Он встал и, не глядя ни на кого, вышел из кабинета. Сразу же спустился на первый этаж, переписал из двух журналов вызовы и поспешил покинуть поликлинику.
По дороге на участок не переставал удивляться душевным качествам Пахомцевой. Да и Литвинова с Воскресенской хороши, устроили судилище по всей форме. Могли бы просто одернуть Пахомцеву, не городи, мол, чепуху. Но нет - не одернули, потому что сами мало чем от нее отличаются.
"А ведь неспроста она поперлась контролировать твои вызовы, Вольдемар, - сказал себе Данилов. - Тут явственно просматривается дальний прицел!"
На рабочий лад удалось настроиться только к третьему вызову. На первом Данилов то и дело ошибался в рецептах, а на втором перепутал корпуса и долго звонил в пустую квартиру.
Деловой настрой пропал зря. Третий вызов "порадовал" Данилова не меньше, чем сегодняшнее общение с администрацией.
- Ишь чего придумал, - в ответ на просьбу показать документ, дающий право на льготы, прищурилась худая, как жердь, старуха, в давно не стиранном вельветовом халате. - Ты, голубчик, не на такую напал! Дур здесь нету! Ты имей в виду, что Выскубову на мякине не проведешь!

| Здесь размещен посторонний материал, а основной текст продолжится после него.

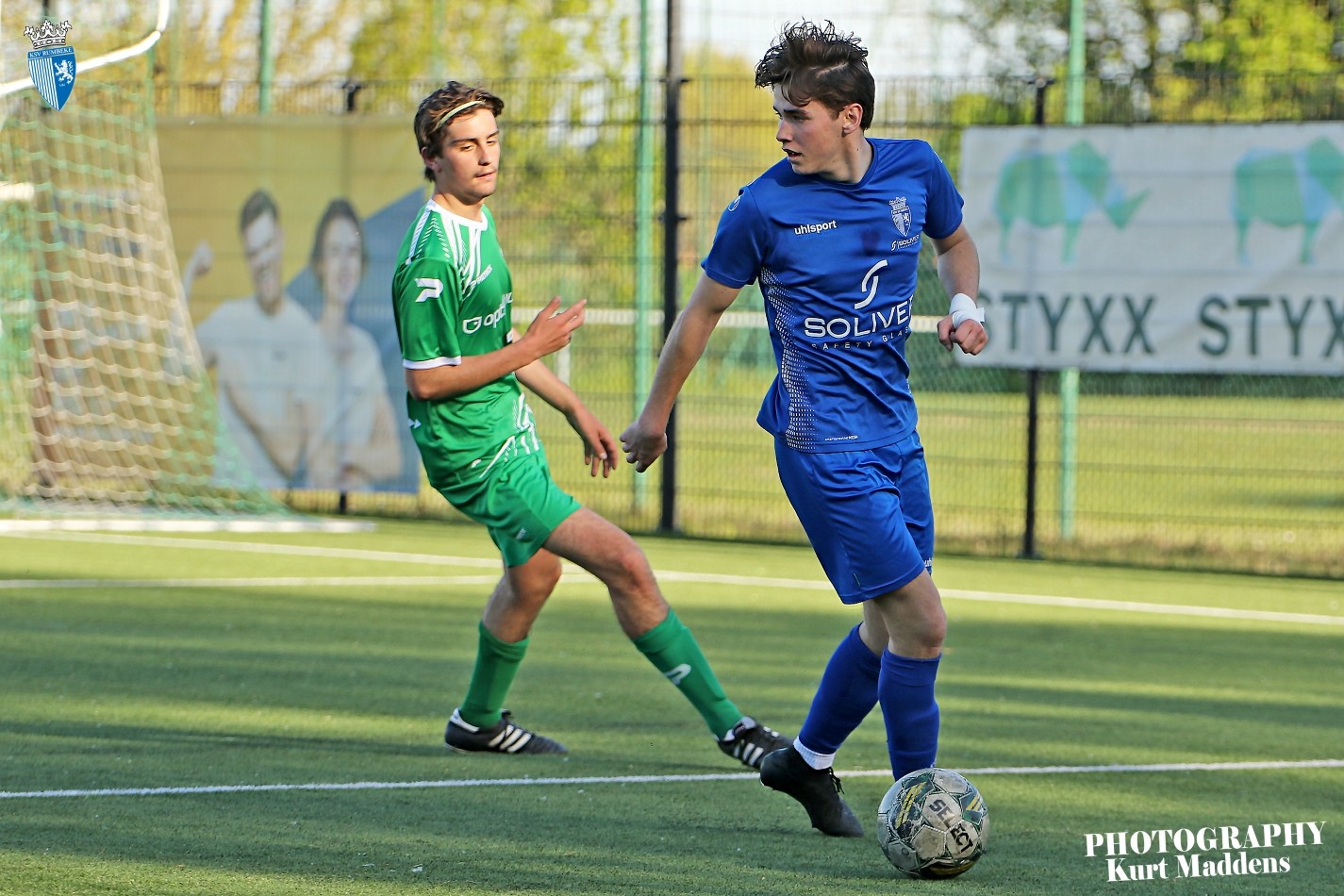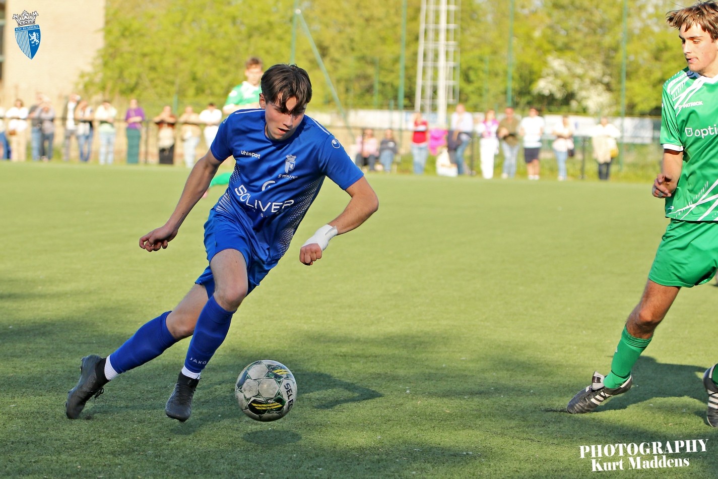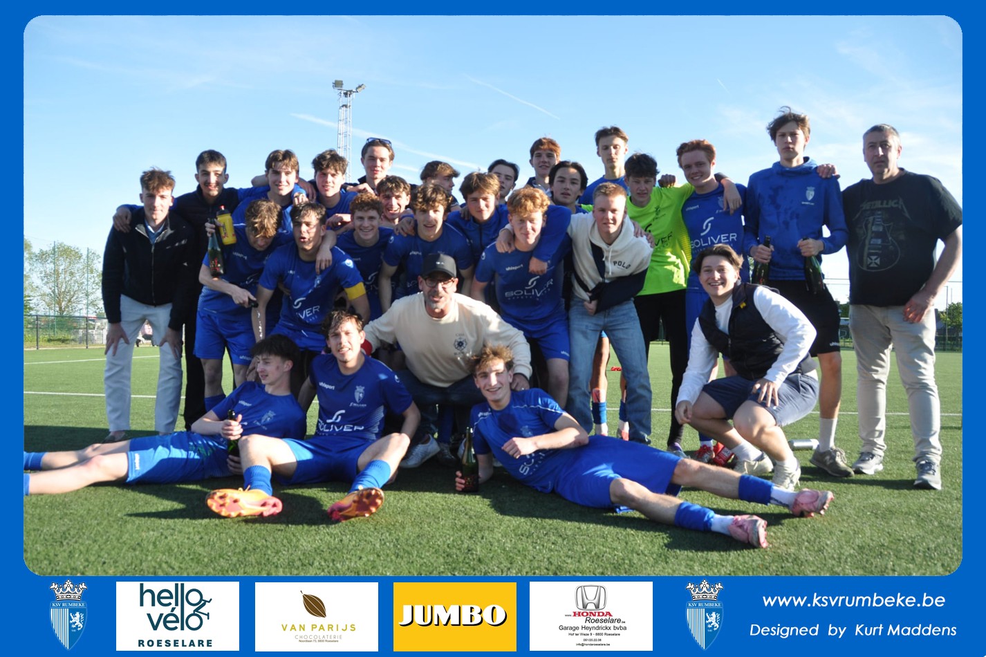 Robbe D. zag de doelman ver uit zijn doel staan en werkte knap af met een lob: 0-2. Een verdiende overwinning voor Rumbeke, dat hiermee niet alleen de derby wint, maar ook de titel veiligstelt.

- Мы с вами, кажется, детей не крестили, - строго сказал Данилов, немного опешив от подобной экспансии. - Поэтому уместнее будет обращаться ко мне на "вы". И какая связь между документом и всем тем… - слово "бредом" Данилов деликатно произносить не стал, - …что вы мне сейчас сказали?
- У меня в прошлом году такой же гоношистый субъект пенсию украл! - сообщила Выскубова. - Как раз пока я за удостоверением ходила. А ну пошли со мной! Одного в комнате не оставлю!

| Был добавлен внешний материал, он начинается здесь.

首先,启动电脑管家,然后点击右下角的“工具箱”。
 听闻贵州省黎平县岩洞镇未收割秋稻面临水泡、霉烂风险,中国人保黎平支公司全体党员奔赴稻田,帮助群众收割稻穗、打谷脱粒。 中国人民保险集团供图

Она попыталась схватить Данилова за свитер, но он отвел ее руку в сторону:
- Если хотите, я могу подождать в прихожей…
- Как же! - оскалила рот Выскубова. - Подождешь ты там! По карманам шарить начнешь…
- Смените тон! - потребовал Данилов, еще до конца не определившись, кто перед ним - психически больная женщина или просто обладательница скверного характера… - Иначе я уйду!
- Подумаешь, напугал! - Выскубова решительно не хотела обращаться к Данилову на "вы". - Сегодня уйдешь - завтра придешь! Я могу хоть каждый день вызывать! Имею право!
Такое право она действительно имела, никто не запрещает вызывать участкового врача ежедневно.
- Давайте удостоверение! - сухо сказал Данилов. - Без него ничего выписывать не стану. Или выпишу на обычных бланках!
Выскубова пробурчала что-то себе под нос и ненадолго вышла из комнаты, не делая никаких попыток увести за собой Данилова. Минуты через две она вернулась с удостоверением участника Великой Отечественной войны в правой руке.
- Вот, получай!
Удостоверение звучно шлепнулось на стол перед Даниловым. Данилов взял его в руки и раскрыл.
- Но ведь оно не ваше, - сказал он. - Оно выписано на Выскубова Леонида Осиповича.
- Верно! - кивнула пациентка. - На Леонида Выскубова. Так ведь это мой муж! И я, как его законная супруга и наследница, имею пожизненное право на все его льготы.
- А своих льгот у вас нет? - Данилов положил удостоверение на стол.
- А зачем мне свои, если у меня есть мужнины? - прищурилась старуха, опускаясь на диван. - Ну, чего застыл?! Давай, выписывай, а я диктовать буду…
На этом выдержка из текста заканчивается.